Jan Sramek has opened what may be the largest one-man real estate office in the nation.
The head of Folsom-based Flannery Associates has set up shop in Solano County, where his consortium of Silicon Valley billionaires had secretly bought up 52,000 acres of farmland to build a utopian city with tens of thousands of homes, the San Jose Mercury News reported.
Except now the 36-year-old has redubbed the firm California Forever, and aims to convince voters in the North Bay county to approve the city planned around Travis Air Force Base.
His goal: to put the issue on the November 2024 ballot, he said.
The former Goldman Sachs investor and London School of Economics graduate, a native of the Czech Republic, was revealed by the New York Times last month to have led the mystery company behind $800 million in farmland purchases.
Backed by such billionaires as Laurene Powell Jobs, the billionaire widow of Steve Jobs, co-founder and former CEO of Apple, he led a five-year campaign to pay top dollar for dirt in order to build more affordable housing.

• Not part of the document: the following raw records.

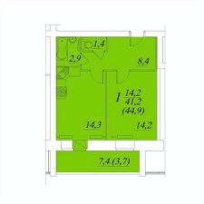 Продаётся 1-комнатная квартира в строящемся доме (Новаторов 23), срок сдачи: IV-кв. 2028, общей площадью 44.9 кв.м., на 1 этаже. Расположение, транспортная доступность
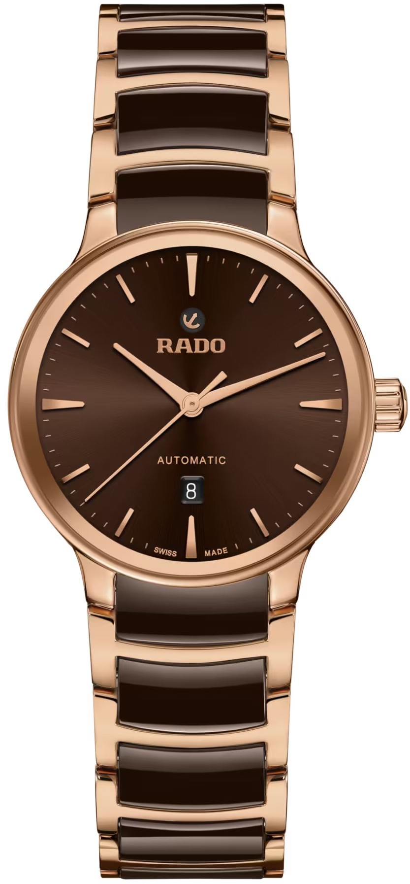 Rado Centrix Automatic R30019302 sú dámske automatické hodinky elegantného štýlu s oceľovým puzdrom s priemerom 30,5 milimetra. Náramok tvorí kombinácia materiálu  High-Tech Ceramic a ocele. Puzdro s korunkou a oceľové časti náramku sú ošetrené PVD úpravou vo farbe ružového zlata. Hnedý číselník s dátumovkou na šiestej hodine je chránený tzv. „edge to edge“ zafírovým sklom s metalizovaným rámčekom, ktoré siaha až k úplnému okraju puzdra.  Priehľadné viečko umožňuje pohľad na automatický kaliber R582 (03.582.432) dekorovaný ženevskými pruhmi a perlážou. Tento mechanický strojček s automatickým náťahom a rezervou chodu 48 hodín disponuje funkciou hackingu (zastavenie sekundovej ručičky pri vytiahnutí korunky do krajnej polohy) a je možné ho v prípade potreby naťahovať aj ručne. Vďaka použitiu antimagnetického vlásku zotrvačky Nivachron™ z titánovej zliatiny je tento kaliber vysoko odolný voči vplyvom magnetického poľa. Pre dosiahnutie čo najvyššej možnej presnosti je stroj testovaný v piatich pozíciách. Hodinky disponujú vodotesnosťou 5 ATM a sú teda odolné proti dažďu a pri sprchovaní.
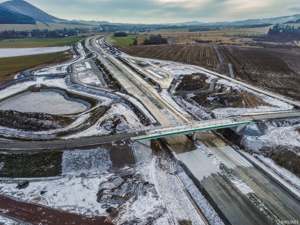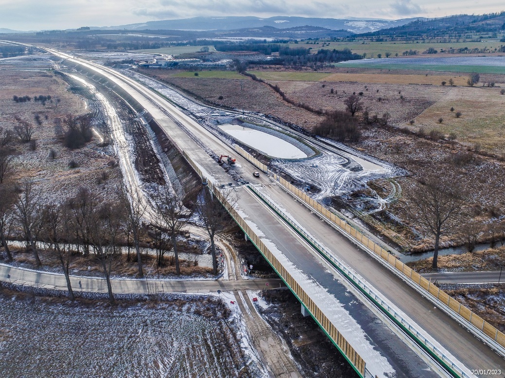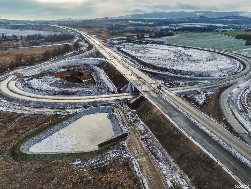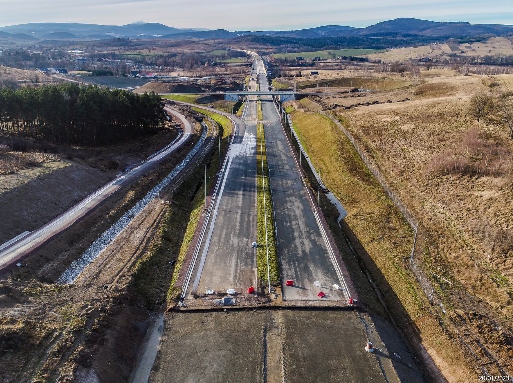 Obecna pogoda pozwala prowadzić niektóre prace przy budowie drogi ekspresowej S3 na odcinku przygranicznym. Zaawansowanie rzeczowe robót sięga prawie 94%. W ostatnim tygodniu pracowało 231 osób i 82 maszyny budowlane.
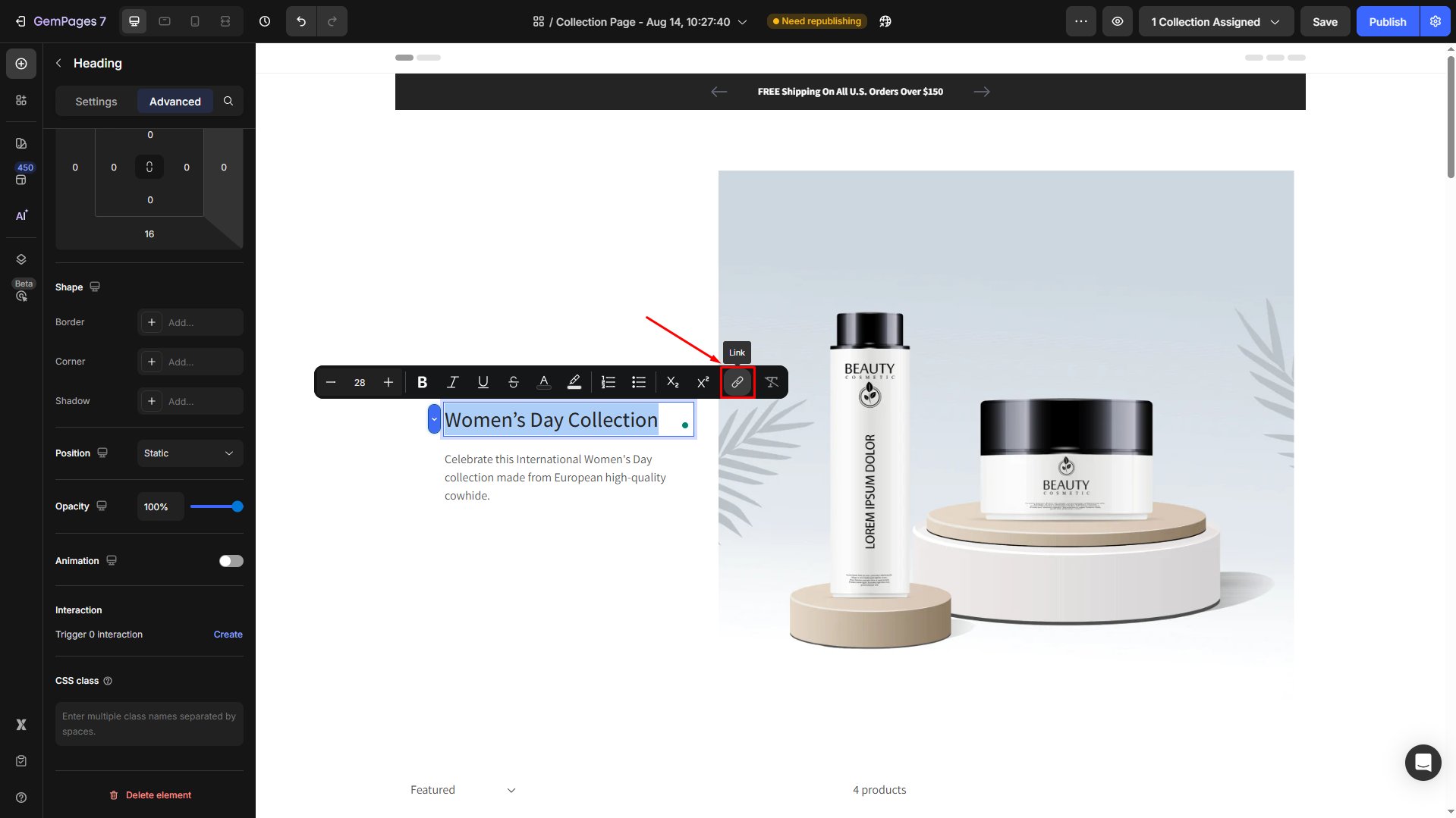 GemPages makes it easy to add links to any text element on your page. Follow these simple steps:

Last weekend, he moved his family to the county 60 miles northeast of San Francisco, where he’ll work to convince skeptical officials and local residents of the value of a new city next door.
“A lot of these types of projects fail, or they get done badly, because it’s someone sitting in New York or Los Angeles, running a project that’s thousands or hundreds of miles away,” Sramek, now CEO of California Forever, told the Mercury News. “And so it doesn’t impact them if it doesn’t work.
“If we create traffic, I’ll be sitting in the traffic,” he said, “and so it’s very personal.”
“No” is not an option. He wants Solano County residents to know he and the moneyed backers are in this for the long haul, and they’re committed to being good neighbors.
California Forever has taken its time to carefully set up this project, he said, and they’re taking the 40-year view rather than the short-term approach to real estate development.
“We have the patience to do it right over 30 or 40 years,” Sramek said, “but then at the same time, we have an eagerness to get started and start building some of the initial things — whether that’s a solar farm or that’s the first homes — in the next few years.”
For the next four months and into next year, the company will focus on community engagement, Sramek said, who is hoping to meet with elected officials, community organizations and as many locals as possible.
California Forever representatives will meet with the farm bureau, the chamber of commerce, the Rotary Club, environmental groups, and Travis Air Force Base. The firm plans to open up storefronts where locals can view plans, meet with staff and discuss what the project will look like
“What we want to do in the next four months is hear from everyone about how we could design it to work for them,” Sramek said.